Cathode 46.5 to 52.5 mm

Anode distance from the floor 90 mm

Anode weight loss on pulverization 0.582 kg

Anodic current density 29 Amp./dm ²

Cathodic current density 5 Amp./dm ²

Pulverization time 11.5 hours

Amp-hours 667

Amperage 58 amps.

Bath voltage 1.74 V

Current yield 85.2 ° / "

Obtained mixture of chromium powder

and salt 2.8 kg

Chromium powder obtained from the mixture 0.58 kg

(Powder scraper not used.)

Example 6

Pulverization of soft iron

The pulverization was carried out in a non-nickel-plated vessel made of soft iron (make Sandviken 2 M. F.) executed.

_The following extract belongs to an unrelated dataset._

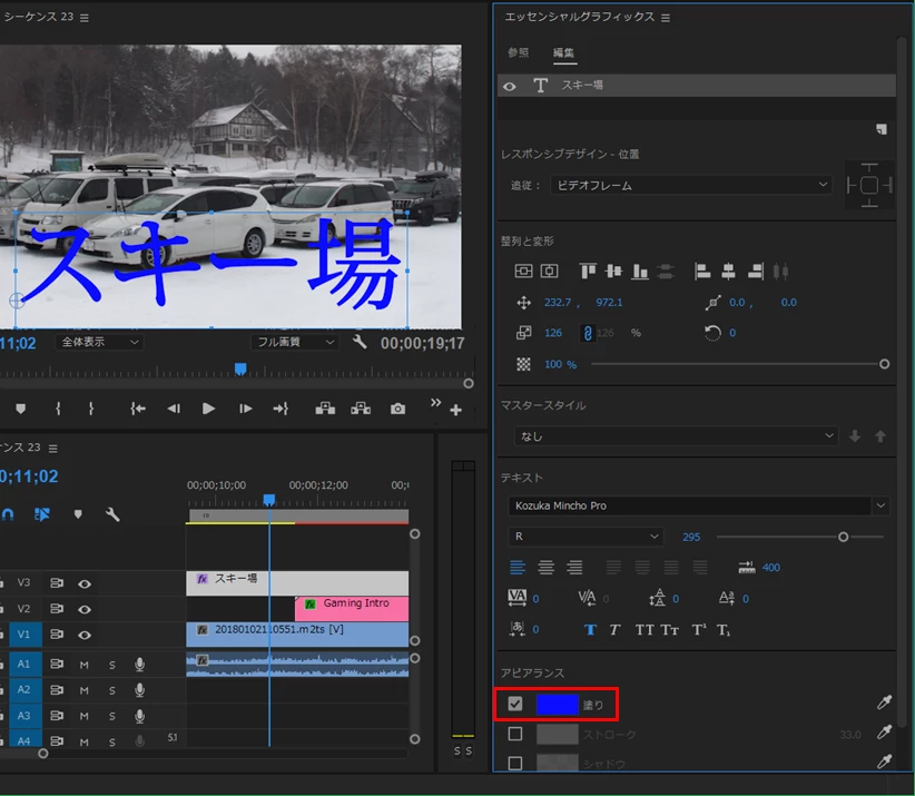 テロップ入力は、Adobe公式の初心者向けビデオを見て以下のとおり行っていました。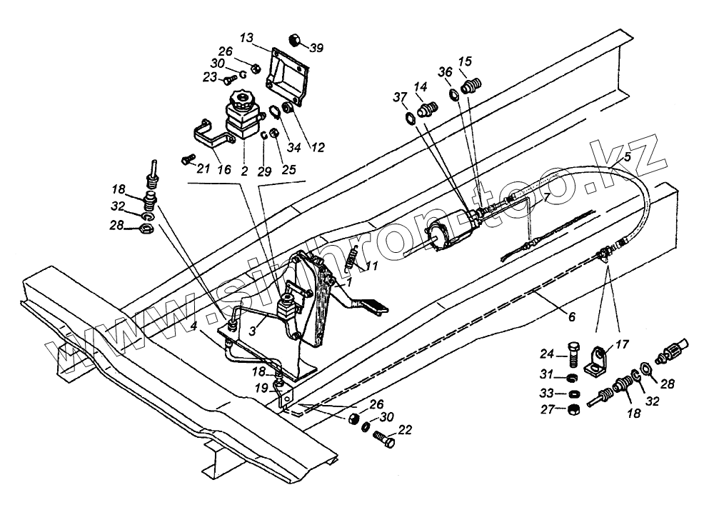 Каталог запасных частей к технике: Камский автозавод 65226. Установка педали и привода выключения сцепления

Molten salt KCl -f- NaCl 7 kg

Height of the molten salt 250 mm

Specific weight of the molten salt

at 18 ° C 2.0

Melting point of the molten salt approximately 590 ^° C

Temperature of the molten salt 713 ° C

Anode material, two pieces 5 60 χ 240 mm (Sandviken

2 M. F. sheet) 1.1 kg

Anode area, effective 1.96 dm ²

Anode length under the bath surface 160 mm
Anode distance from the cathode bottom 90 mm anode distance from the cathode wall 37.5 to 62.5 mm

Anode weight loss on pulverization 0.314 kg

Anodic current density 75 Amp./dm ²

Cathodic current density 12.5 amps / dm ²

Powdering time 3 hours

Amp-hours 450

Current 150 amp.

Bath voltage 3.6 V

Current efficiency 66.1 ° / ₀

Obtained mixture of iron powder

and salt 1.150 kg

Fe powder obtained from the mixture 0.314 kg

(Powder scraper not used.)

Claims (6)

PATENT CLAIMS: 1. A process for the production of metal powder, characterized in that one with anodes, which consist of the pure or impure metal to be produced in powder form, which Melt or the anhydrous solution of a salt of a less noble metal in relation to this metal Metal or a more electropositive radical. 2. The method according to claim 1, characterized in that that a melt of a halogen salt, preferably an alkali chloride, is electrolyzed. 3. The method according to claim 1, characterized in that that one has an electrolyte made up of oxides or other compounds of the anode metal with the exception of that at the anode salt formed during the electrolysis is free, electrolyzed. 4. The method according to claim 1, characterized in, that the electrolysis is carried out with a diaphragm arranged between the cathode and anode. 5. The method according to claim 1, characterized in that that the electrolysis takes place in a closed space with an indifferent or reducing gas, e.g. B. hydrogen gas is kept filled. 6. The method according to claim 1, characterized in that that the electrolysis takes place in an apparatus with double walls and / or double bottom, its space with a reducing gas, e.g. B. hydrogen, is carried out. I 5204 6.